So what happens to retirement plans during a divorce? How are they valued? How can I get my share of my spouse’s retirement? When can I start receiving my share? Can I keep my own retirement and my spouse keeps their own retirement?

These are all great questions that I am asked by people going through divorce.

Let me first start out by saying that generally there are two types of retirement. The first is your traditional 401(k), and the second is a pension plan. Some people have one or the other while some people have both.

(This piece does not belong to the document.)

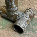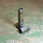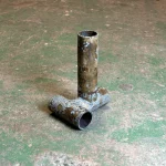 This larger scale ceramic vessel is a building variation from Nolan T.K.’s notch vessels, a series exploring transferring production processes across linear materials. It is made of a reclaimed studio clay body and features a distressed barnacle glaze that mimics a patina that would occur in nature.

The law says that at the time of a divorce, the nonparticipant spouse (i.e. the spouse who doesn’t have the retirement in question) is entitled to 50% of the contributions and increases in their spouse’s retirement since the date of marriage. This means that you get half of what your spouse contributed to the retirement and the increase in it since you were married. You didn’t have to participate in the retirement directly or do anything other than be married to your spouse.

How these are divided and when you receive it depends on the type of retirement in question. A 401(k) plan and a pension are very different. A 401(k) is a lump sum of money that is usually readily available while a pension plan is a pay out at the time that your spouse is eligible to retire. For the 401(k), if there is $500,000 in your spouse’s retirement plan, the court will divide it immediately and allow you to roll over half of this into your own 401(k). There is no waiting. A pension plan is a monthly payment and that gets a little more complicated, but essentially you would get 1/2 of the monthly payment when your spouse is scheduled to retire. There are a lot of rules and regulations that go along with retirement and you will need a good attorney to help steer you through this process.

Sometimes, both spouses have retirements. In this case, we divide each retirement in half or if the values are similar in the retirements, we end up with each spouse keeping their own retirement.

Finally, I want to touch on 401(k) plans versus pension plans. 401(k) plans are like bank accounts. You can look at them and see what they are worth immediately. Pension plans are not the same. We use special accountants called actuaries to value pension plans. They take the monthly payment that your spouse will receive in the future and using a mathematical formula, they come up with a fixed dollar amount. This is

done when one spouse is going to keep one of the marital assets in full (like the house) and the other spouse wants to keep the pension plan.

The bottom line is that, often, retirement plans are the most valuable assets in a divorce.  It’s very important to know what you have, what your spouse has, and what you are entitled. Mistakes in diving retirements can cost you thousands of dollars and expose you to potential tax liability.